If I say Random.generate identity roll it will keep rolling booleans until one is True, and then generate an integer between 1 and 6.

These definitions all depend on each other, forming a cycle:

cycle

The problem is, what order do we generate the definitions? There are many possible orders, but only one works:

// BAD ORDER - because `roll` is not defined yet
var rollIf = function(b) { return b ? _Random_int(1,6) : rollAgain; };
var rollAgain = roll;  // RUNTIME ERROR!
var roll = _Random_andThen(_Random_bool, rollIf);

// BAD ORDER - because `rollIf` is not defined yet
var roll = _Random_andThen(_Random_bool, rollIf); // RUNTIME ERROR!
var rollIf = function(b) { return b ? _Random_int(1,6) : rollAgain; };
var rollAgain = roll;

// GOOD ORDER
var rollIf = function(b) { return b ? _Random_int(1,6) : rollAgain; };
var roll = _Random_andThen(_Random_bool, rollIf);
var rollAgain = roll;

Based on the examples here and ones I have constructed in thinking about it, I believe it is impossible (in general) to figure out if a good order exists, and if so, what it is. I assume someone can reduce this to some sort of NP problem.

If you think there is a solution, please consider all of the examples in #1591, this parser, and then work hard to poke holes in your idea.

Possibilities

Before we look at ways to resolve this in Elm, let’s look at how it is resolved in other languages.

In Haskell

In Haskell, all values are lazy. To simplify why this is a solution, it is as if the program was actually generated like this:

function rollIf(b) { return b ? _Random_int(1,6) : rollAgain(); };
function rollAgain() { return roll(); }
function roll() { return _Random_andThen(_Random_bool, rollIf()); }

So instead of trying to actually instantiate roll and rollAgain they are functions that will be called as necessary. So if anyone uses any of these values later, it will work out independent of the particular order of the definitions.

This could work for us, but without laziness, it requires recomputing and reallocating a generator on every use of roll.

In OCaml

In OCaml, they disallow this kind of definition.

(** COMPILE ERROR **)
let rec rollIf b = if b then Random.int 1 6 else rollAgain
and rollAgain = roll
and roll = Random.andThen rollIf Random.bool
;;

You can have recursive functions or nothing.
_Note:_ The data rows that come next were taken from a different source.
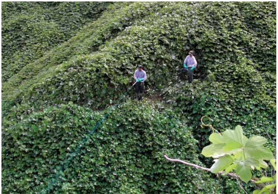
Members of the Gulf Coast EPMT treating kudzu ( Pueraria montana ) on the Natchez Trace Parkway in Mississippi.

Species that have presented some of the greatest challenges to the SE-EPMT include Multiflora rose ( Rosa multiflora ), Garlic mustard ( Alliaria petiolata ) and Callery or Bradford pear ( Pyrus calleryana ). Recently the SE-EPMT worked in the rugged Obed Wild and Scenic River gorge carefully removing multiflora rose from areas containing the federally protected Cumberland rosemary ( Conradina verticillata ). Located in Tennessee, this park boasts one of the richest floras in the southeastern US including, unfortunately, many invasive plants. In March and April at the Big South Fork National Recreation Area in Kentucky and Tennessee, the team attempted to gain a foothold against garlic mustard, hand-pulling over 20,000 plants threatening an area of rich riverine flora. Cumberland Gap National Historic Park, also in Kentucky, provided an unexpected foe, the Callery pear. Work in this park
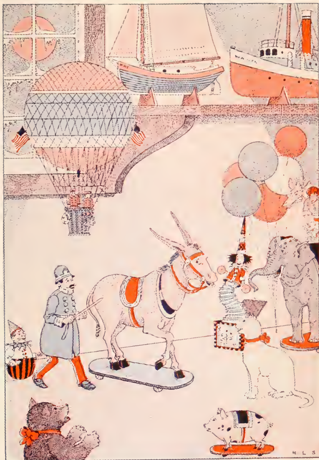
The Nodding Donkey is Ticked by the Toy Policeman.
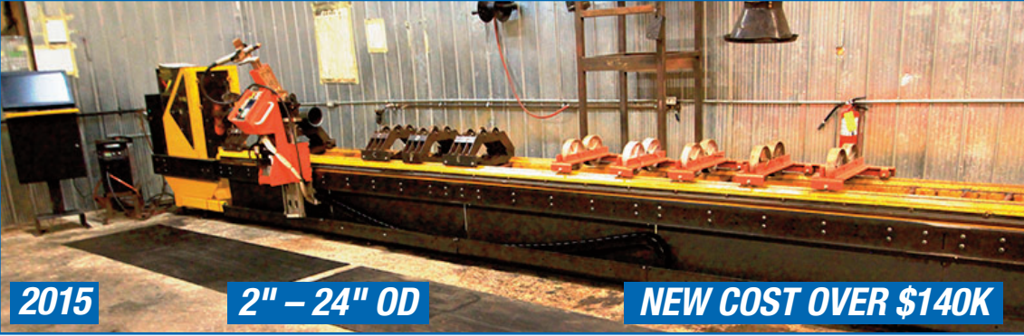
WATTS SPECIALIST INC. W-122 CNC PLASMA PIPE CUTTING SYSTEM
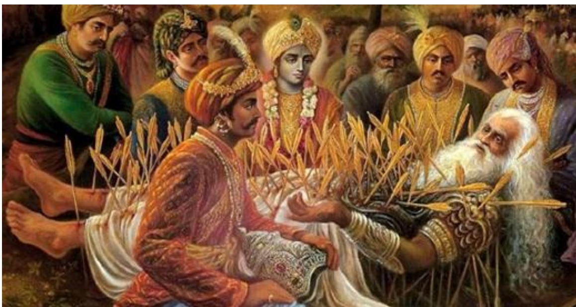
Figure-2: Bhishma Pitamah of Mahabharat going to embrace death.

Euthanasia (from Greek: εὐθανασία 'good death': εὖ, eu 'well, good' + θάνατος, thanatos 'death') is the practice of intentionally ending life to relieve pain and suffering. A mercy killing is the intentional ending of life of a person who is suffering from a terminal, painful illness. The term—also called “right to die”—is most often used to describe voluntary euthanasia, though it is also used in reference to non-voluntary euthanasia and involuntary euthanasia.
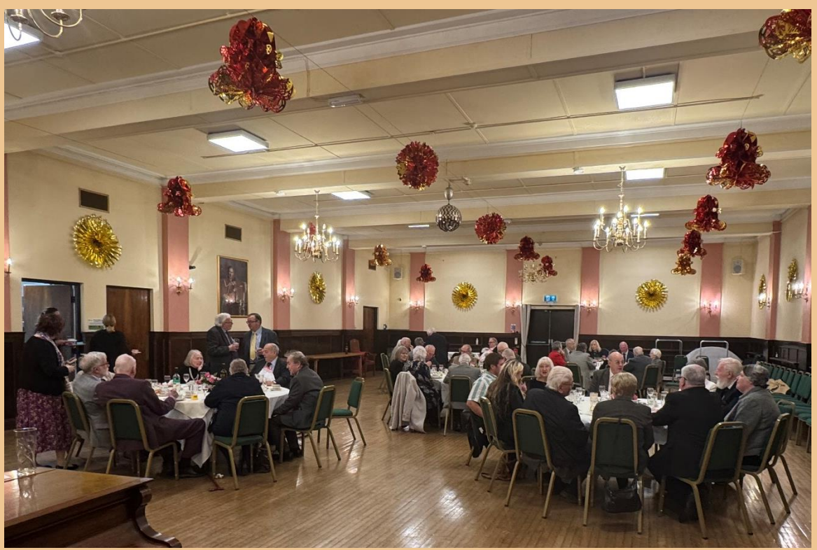
A great mix of Worcestershire and Warwickshire to each table
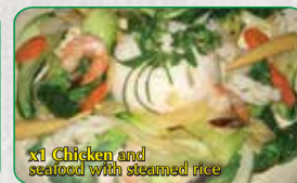
x1 Chicken and seafood with steamed rice
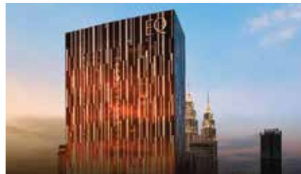
Hotel EQ, KL
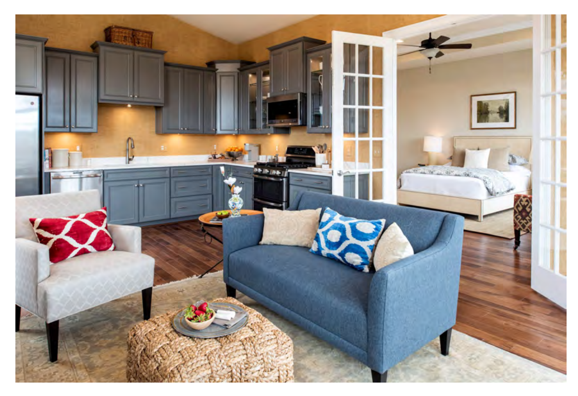
Optional deluxe multi-generational suite with kitchen, family room space, and double French doors leading to bedroom
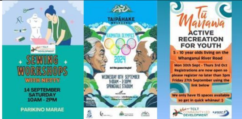
Community Programmes (TCLT – Valued Providers)

Relationships of Respect & Responsibility
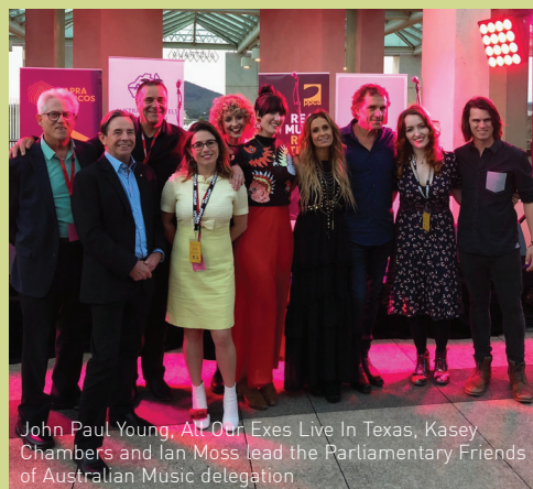
John Paul Young, All Our Exes Live In Texas, Kasey Chambers and Ian Moss lead the Parliamentary Friends of Australian Music delegation

A delegation of Australian songwriters, musicians, recording artists and key industry leaders came together at Parliament House in Canberra on 27 March to stress the importance of government support for the contemporary music industry at the third annual Parliamentary Friends of Australian Music (#PFOAM) Rock the House event.

So you can rewrite it to this:

(** GOOD **)
let rec rollIf b = if b then Random.int 1 6 else rollAgain ()
and rollAgain () = roll ()
and roll () = Random.andThen rollIf Random.bool
;;

Notice that roll and rollAgain are now functions with type () -> Random.Generator Int. This is basically the same trick as above, but you have to do it by hand.

Another Way?

There is a way to generate code that will always work and has better performance than the OCaml approach. You can automatically upgrade values to functions, like in the Haskell solution, and then comput the values afterwards:

// automatically convert values to functions
function rollIf(b) { return b ? _Random_int(1,6) : _delayed_rollAgain(); }
function _delayed_roll() { return _Random_andThen(_Random_bool, rollIf); }
function _delayed_rollAgain() { return _delayed_roll(); }

// define `roll` value for everyone else
// redefine `_delayed_roll` so it only does the work once
var roll = _delayed_roll();
_delayed_roll = function() { return roll; };

// same thing for `rollAgain` and `_delayed_rollAgain`
var rollAgain = _delayed_rollAgain();
_delayed_rollAgain = function() { return rollAgain; };

First, notice that when roll is defined, we call _delayed_roll() just one time. After that, _delayed_roll is modified to return roll directly so we do the computation only once. This is in contrast to OCaml which, by forcing the user to rewrite as functions, would redo the computation on every use.

Second, I believe this disallows cyclic data structures, which could be quite important. If cyclic data structures do not exist in Elm at all, it may give us some unique advantages in garbage collection. For example, without cyclic data it is possible to use ARC and not leak memory over time. That means that (1) some future implementation could get away with ARC as a first draft and (2) papers like this one suggest that this may be a nice way to manage older generations in a more thoughtful GC.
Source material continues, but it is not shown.